Altered parathormone levels were observed in most patients and the study confirmed a high frequency of use of vitamin K antagonists in kidney transplant recipients with calciphylaxis, suggesting that vitamin K deficiency may indeed play a significant role also in these patients. Mortality was unfortunately high also in this cohort, with an overall short-term survival of 44%.
To account for changes in the standard of care of kidney transplant recipients over the last three decades, the authors also compared the characteristics of cases diagnosed before and after 2000. Despite differences in immunosuppressive regimens and demographic features (patients diagnosed after 2000 were older and with longer dialysis vintage), most of the other characteristics were comparable between groups.
TREATMENT OPTIONS
Calciphylaxis is a complex syndrome that requires a multidisciplinary approach, including wound care, analgesia and removal of known risk factors. Despite advances in the understanding of calciphylaxis pathogenesis, therapeutic management is still based on expert consensus and there is no currently approved treatment for this condition [20]. Due to the extreme rarity of calciphylaxis in kidney transplant recipients, virtually all available data on treatment are derived from patients on haemodialysis.
Normalization of calcium–phosphate metabolism is a reasonable first step, along with removal of possible iatrogenic factors, including calcium supplements, vitamin D analogues and vitamin K antagonists [1, 21]. In dialysis patients, longer or more frequent dialysis sessions with low-calcium dialysate may improve metabolic control and enhance wound healing [1, 22]. In patients with severe hyperparathyroidism, the use of calcimimetics or parathyroidectomy could be beneficial [23, 24]. Bisphosphonates have also been successfully used to inhibit the progression of lesions in some patient series [25], but no prospective trials have been conducted to date.
Sodium thiosulphate, an inorganic sodium salt with antioxidant and vasodilator properties, is among the most used agent for calciphylaxis treatment. Retrospective data suggested a good efficacy–safety profile, with most patients improving after administration [26]. Three randomized controlled trials had been planned to prospectively assess the efficacy of sodium thiosulphate (NCT03150420, NCT02527213 and ISRCTN73380053), but they were all terminated early due to insufficient patient enrolment.

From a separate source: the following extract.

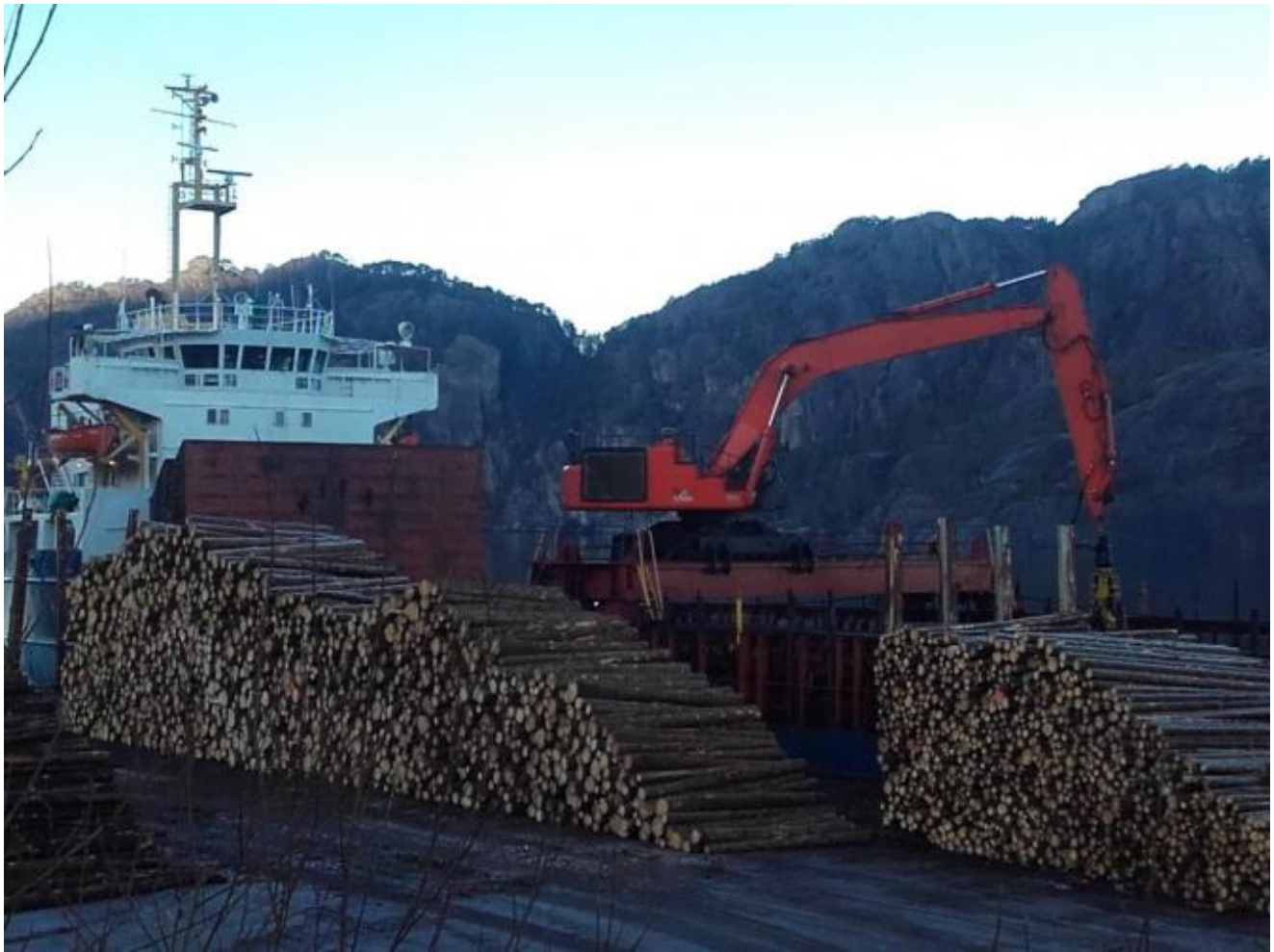
MS HEIDI lastar tømmer for avgang til Danmark i kveld.

Other promising therapeutic alternatives include hyperbaric oxygen therapy to improve transcutaneous oxygen tension, rheopheresis and bosentan to reduce blood viscosity and promote arteriolar vasodilation, and non-vitamin K antagonist anticoagulants to salvage thrombosis of the microcirculation [1, 27].

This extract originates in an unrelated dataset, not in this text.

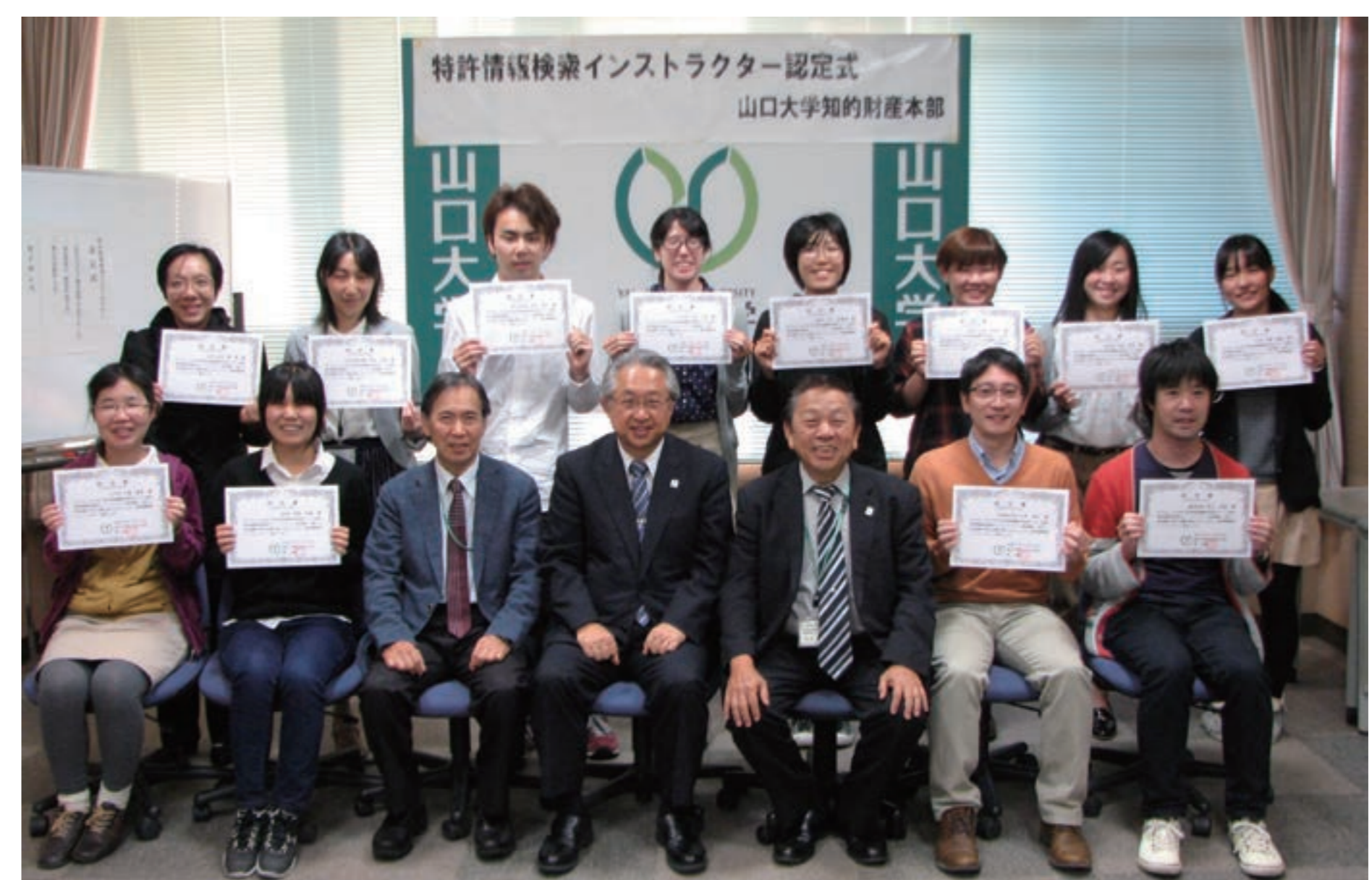
特許情報検索インストラクター認定式

A recent meta-analysis of case series and cohort studies failed to show any clear benefit on mortality from all the therapies explored, including thiosulphate, parathiroidectomy, cinacalcet, hyperbaric oxygen therapy and bisphosphonates [28]. However, the quality of evidence was low and results were inconclusive, reflecting the lack of randomized controlled trials that explored the effect of these treatments.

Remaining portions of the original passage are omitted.